### PROBLEM REQUIREMENTS
What are the lines below, starting at the line containing "Tissu Jacquard Double" and ending at the line containing "Microsoft Edge не"? Write them out exactly, ends included, without pictures.

### INFORMATION SHOWN
"""

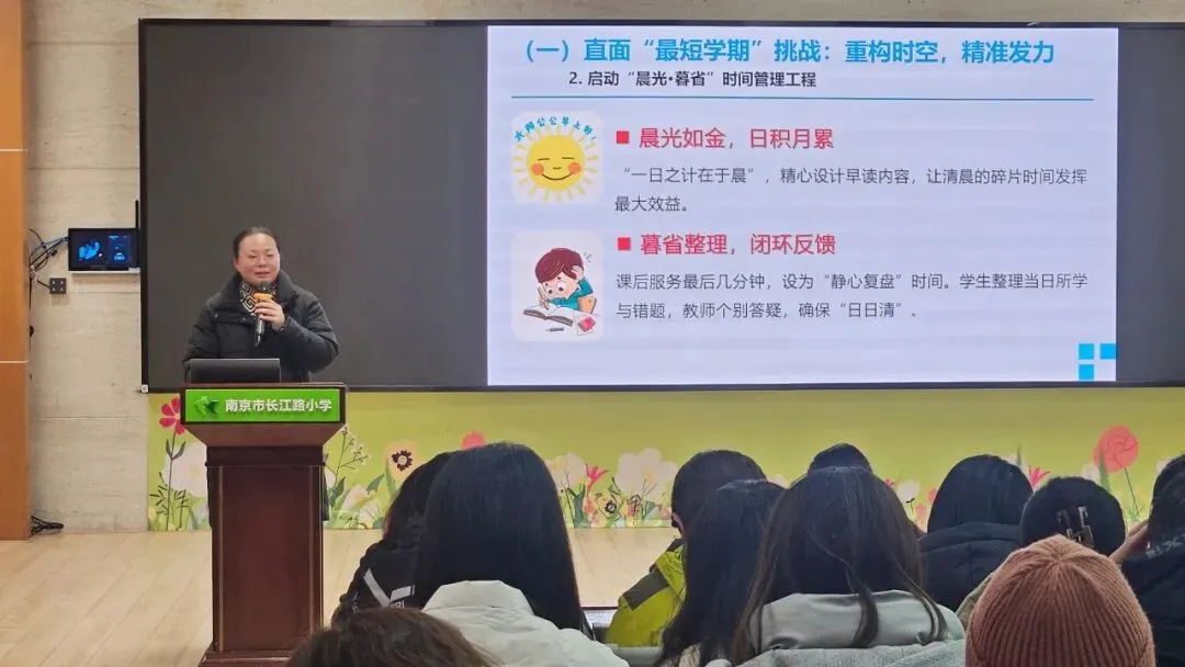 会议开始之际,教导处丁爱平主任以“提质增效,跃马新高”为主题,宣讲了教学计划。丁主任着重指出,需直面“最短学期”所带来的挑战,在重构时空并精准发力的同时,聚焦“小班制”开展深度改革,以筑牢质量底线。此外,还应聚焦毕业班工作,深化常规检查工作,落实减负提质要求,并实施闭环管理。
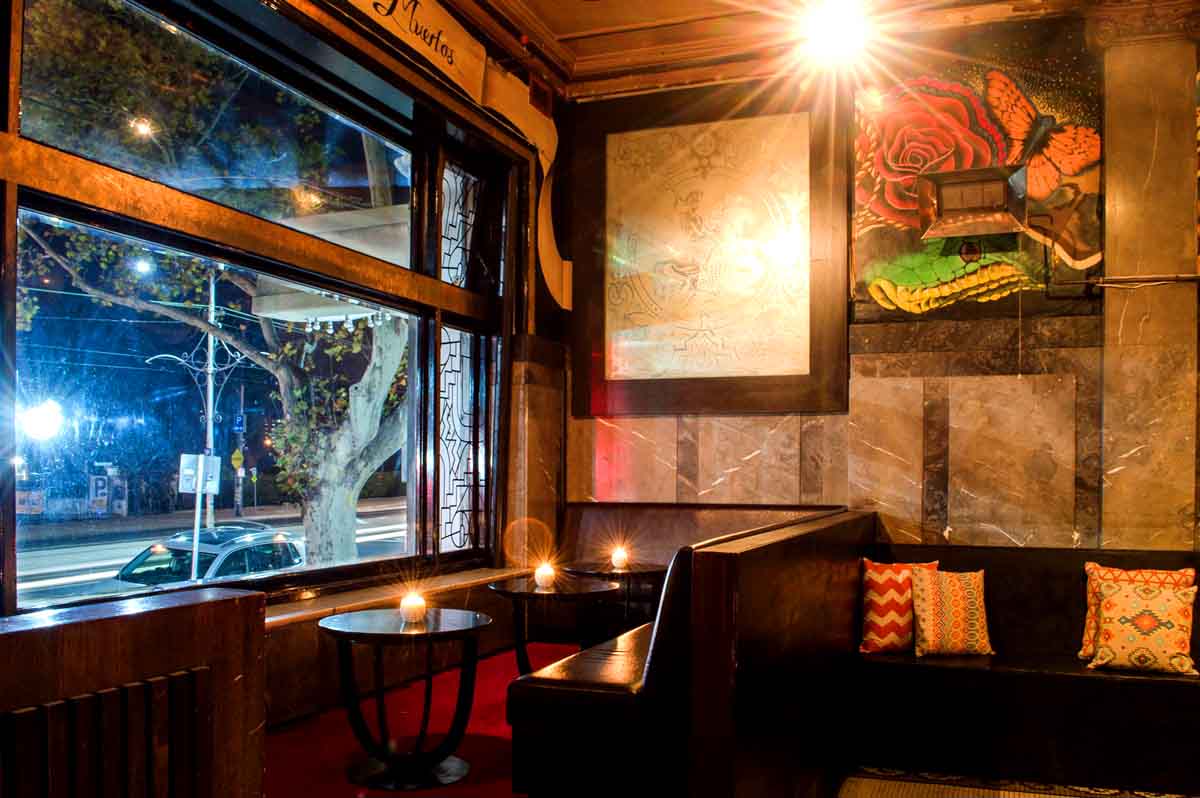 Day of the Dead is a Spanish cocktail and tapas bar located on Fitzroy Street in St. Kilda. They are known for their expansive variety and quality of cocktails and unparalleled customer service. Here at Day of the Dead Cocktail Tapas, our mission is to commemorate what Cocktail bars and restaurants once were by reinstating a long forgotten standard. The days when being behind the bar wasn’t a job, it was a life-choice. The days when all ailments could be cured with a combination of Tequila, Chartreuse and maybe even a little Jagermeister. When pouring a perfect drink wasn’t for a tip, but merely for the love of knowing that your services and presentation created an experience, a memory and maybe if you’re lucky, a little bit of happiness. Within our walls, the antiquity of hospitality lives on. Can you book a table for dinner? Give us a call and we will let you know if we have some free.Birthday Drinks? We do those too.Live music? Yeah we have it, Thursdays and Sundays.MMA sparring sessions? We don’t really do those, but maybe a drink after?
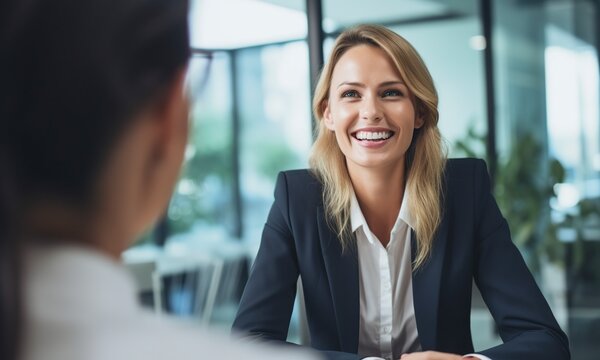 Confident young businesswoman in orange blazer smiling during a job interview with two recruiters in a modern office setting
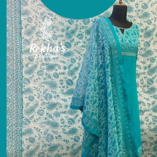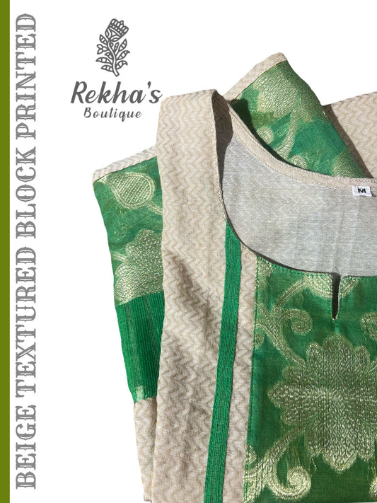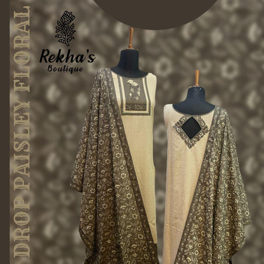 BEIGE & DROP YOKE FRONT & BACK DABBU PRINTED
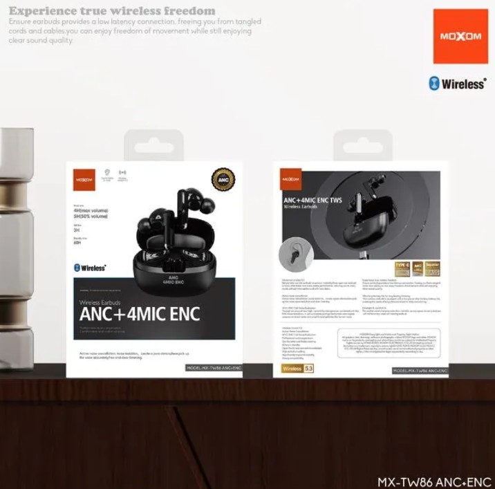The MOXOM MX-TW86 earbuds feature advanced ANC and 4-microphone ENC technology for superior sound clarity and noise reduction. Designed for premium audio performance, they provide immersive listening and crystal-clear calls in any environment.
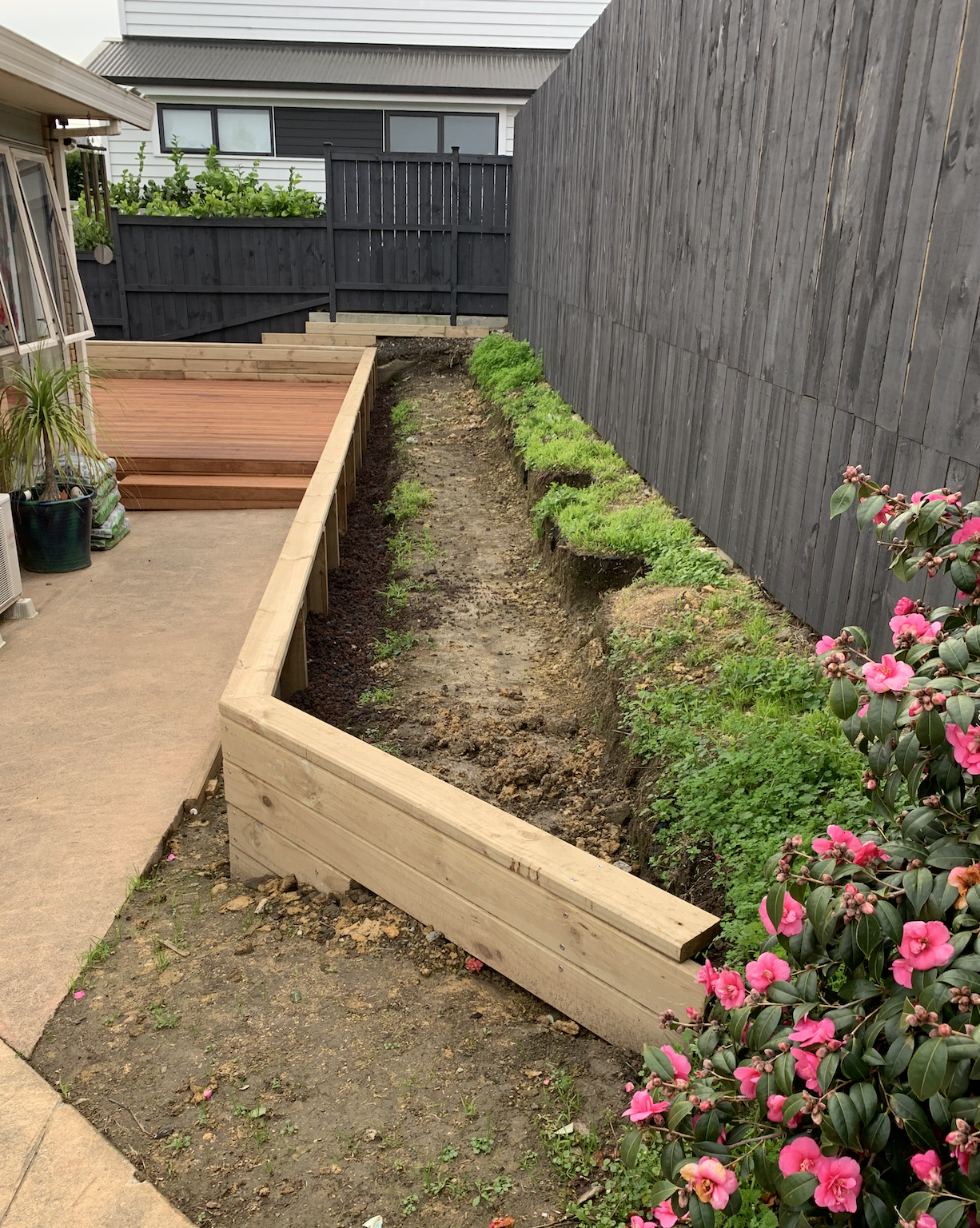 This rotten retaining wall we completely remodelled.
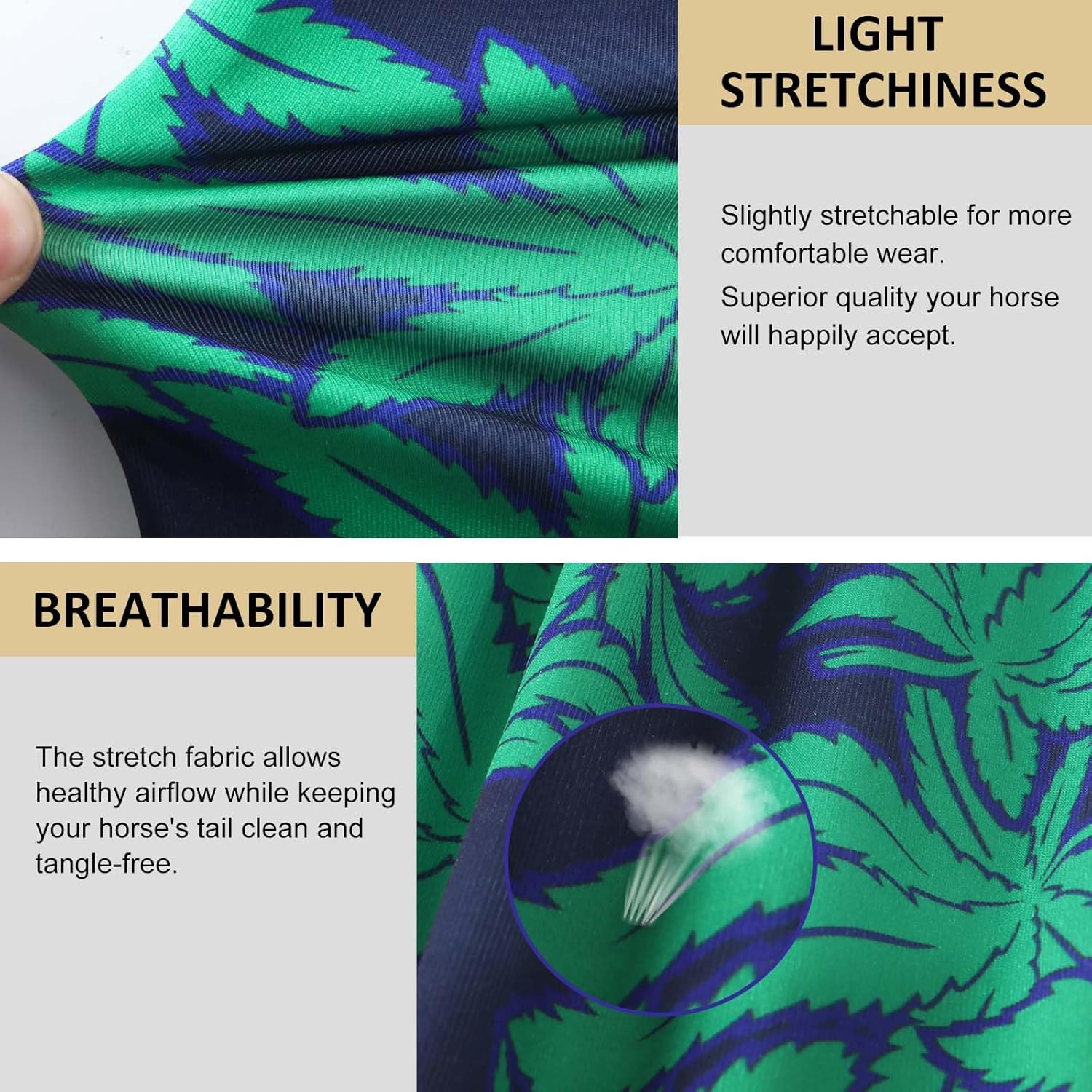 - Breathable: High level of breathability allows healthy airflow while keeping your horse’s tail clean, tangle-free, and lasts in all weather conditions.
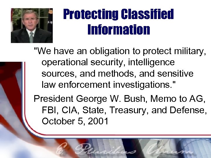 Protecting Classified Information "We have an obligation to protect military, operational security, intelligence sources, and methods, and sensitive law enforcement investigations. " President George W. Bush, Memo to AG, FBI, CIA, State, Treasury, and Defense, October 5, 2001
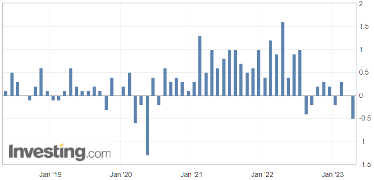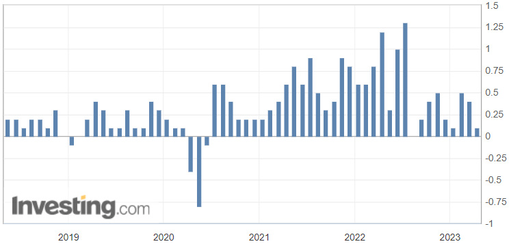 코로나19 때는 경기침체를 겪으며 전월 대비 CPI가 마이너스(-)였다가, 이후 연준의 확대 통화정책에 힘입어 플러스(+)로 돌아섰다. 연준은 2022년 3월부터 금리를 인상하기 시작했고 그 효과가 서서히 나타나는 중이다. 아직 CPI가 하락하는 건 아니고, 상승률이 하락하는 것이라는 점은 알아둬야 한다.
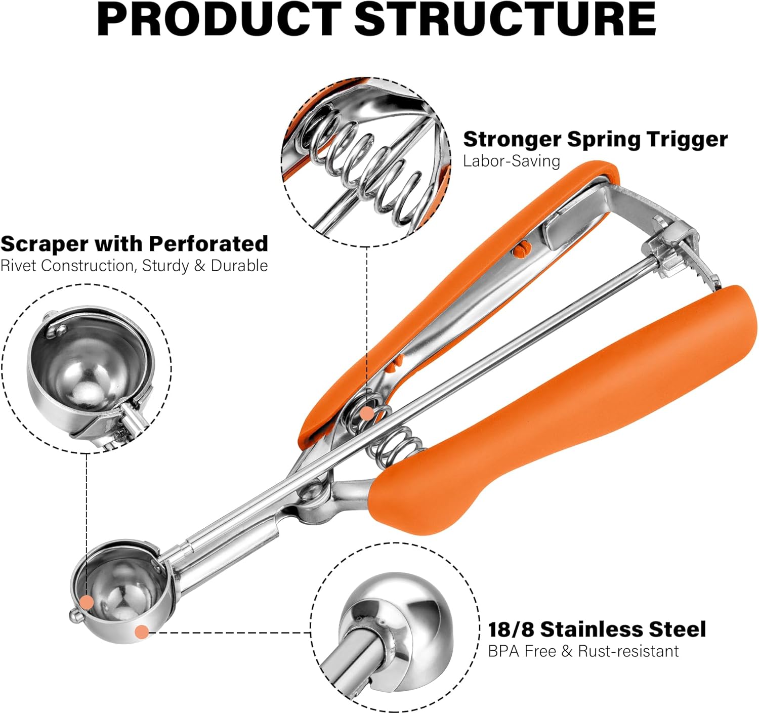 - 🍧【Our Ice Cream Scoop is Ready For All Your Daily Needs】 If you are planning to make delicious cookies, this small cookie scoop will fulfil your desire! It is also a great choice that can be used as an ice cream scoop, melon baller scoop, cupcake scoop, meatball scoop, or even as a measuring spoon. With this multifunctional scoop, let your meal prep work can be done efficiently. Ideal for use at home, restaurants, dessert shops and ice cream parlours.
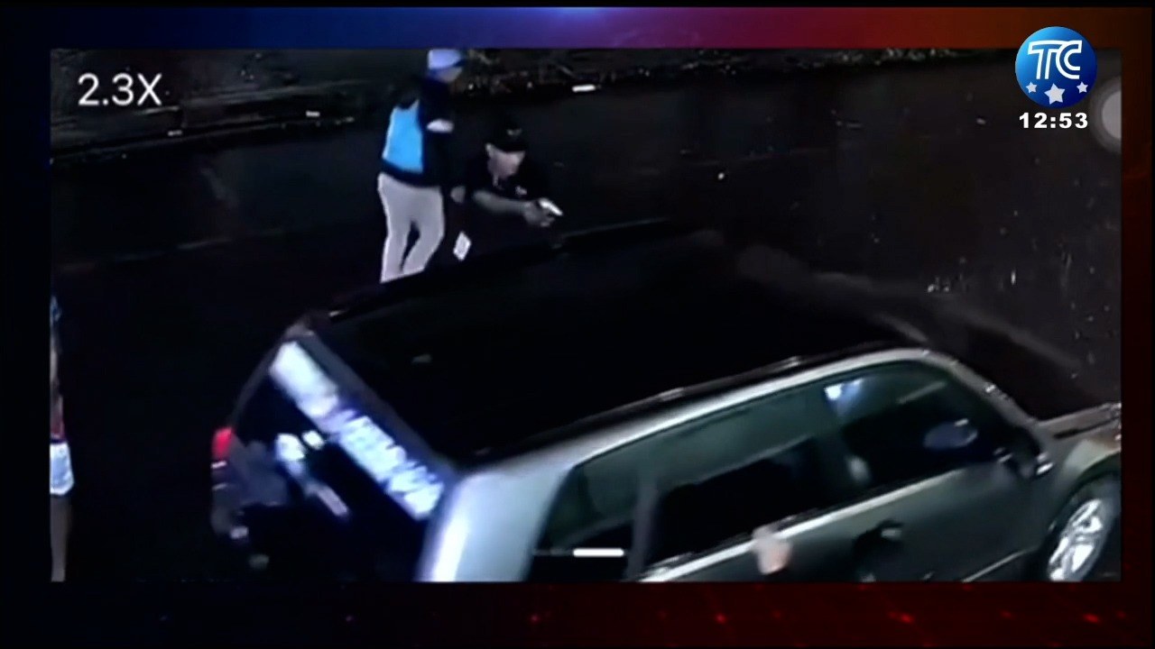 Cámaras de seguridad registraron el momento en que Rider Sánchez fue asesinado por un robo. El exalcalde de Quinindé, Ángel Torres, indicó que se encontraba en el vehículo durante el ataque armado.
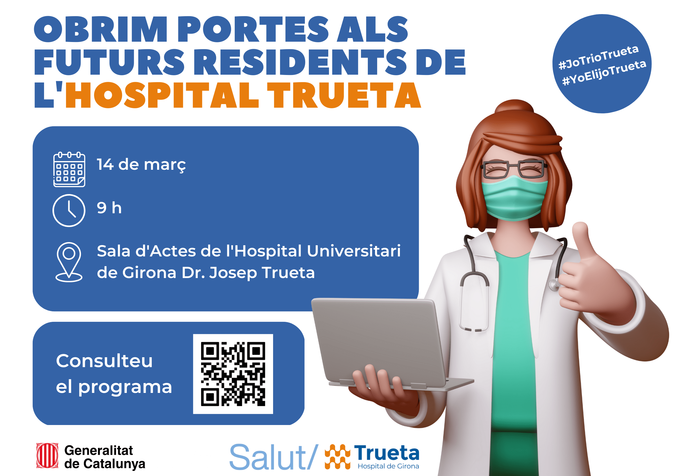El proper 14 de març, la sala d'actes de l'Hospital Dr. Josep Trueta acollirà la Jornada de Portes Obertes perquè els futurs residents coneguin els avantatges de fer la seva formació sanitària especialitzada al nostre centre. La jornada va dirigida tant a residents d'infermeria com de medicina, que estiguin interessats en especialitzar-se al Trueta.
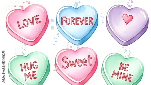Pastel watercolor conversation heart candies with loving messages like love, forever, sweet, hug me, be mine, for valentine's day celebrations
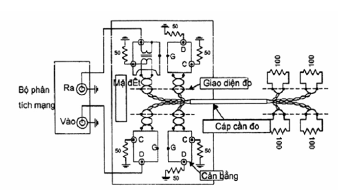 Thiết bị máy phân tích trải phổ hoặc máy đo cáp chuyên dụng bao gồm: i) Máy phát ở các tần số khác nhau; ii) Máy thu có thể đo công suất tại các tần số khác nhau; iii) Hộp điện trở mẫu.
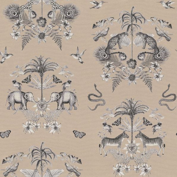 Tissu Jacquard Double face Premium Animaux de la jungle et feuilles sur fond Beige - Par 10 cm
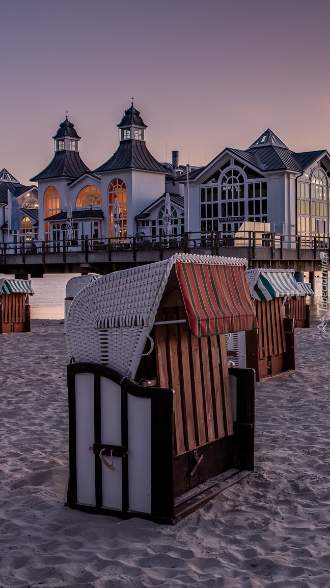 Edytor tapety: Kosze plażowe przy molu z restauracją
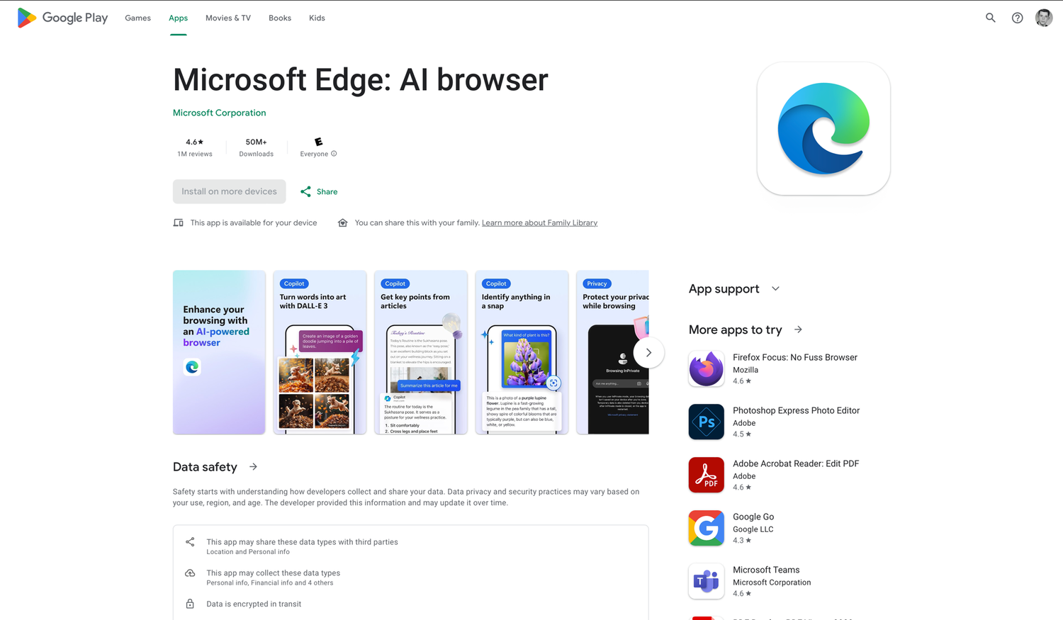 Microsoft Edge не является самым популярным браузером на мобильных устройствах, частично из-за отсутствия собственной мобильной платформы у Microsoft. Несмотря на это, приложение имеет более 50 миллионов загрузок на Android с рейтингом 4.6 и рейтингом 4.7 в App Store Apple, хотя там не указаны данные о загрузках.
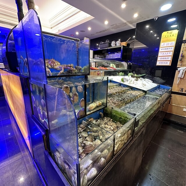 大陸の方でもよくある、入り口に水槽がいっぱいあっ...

"""

### ANSWER TO THIS PROBLEM
 Tissu Jacquard Double face Premium Animaux de la jungle et feuilles sur fond Beige - Par 10 cm
 Edytor tapety: Kosze plażowe przy molu z restauracją
 Microsoft Edge не является самым популярным браузером на мобильных устройствах, частично из-за отсутствия собственной мобильной платформы у Microsoft. Несмотря на это, приложение имеет более 50 миллионов загрузок на Android с рейтингом 4.6 и рейтингом 4.7 в App Store Apple, хотя там не указаны данные о загрузках.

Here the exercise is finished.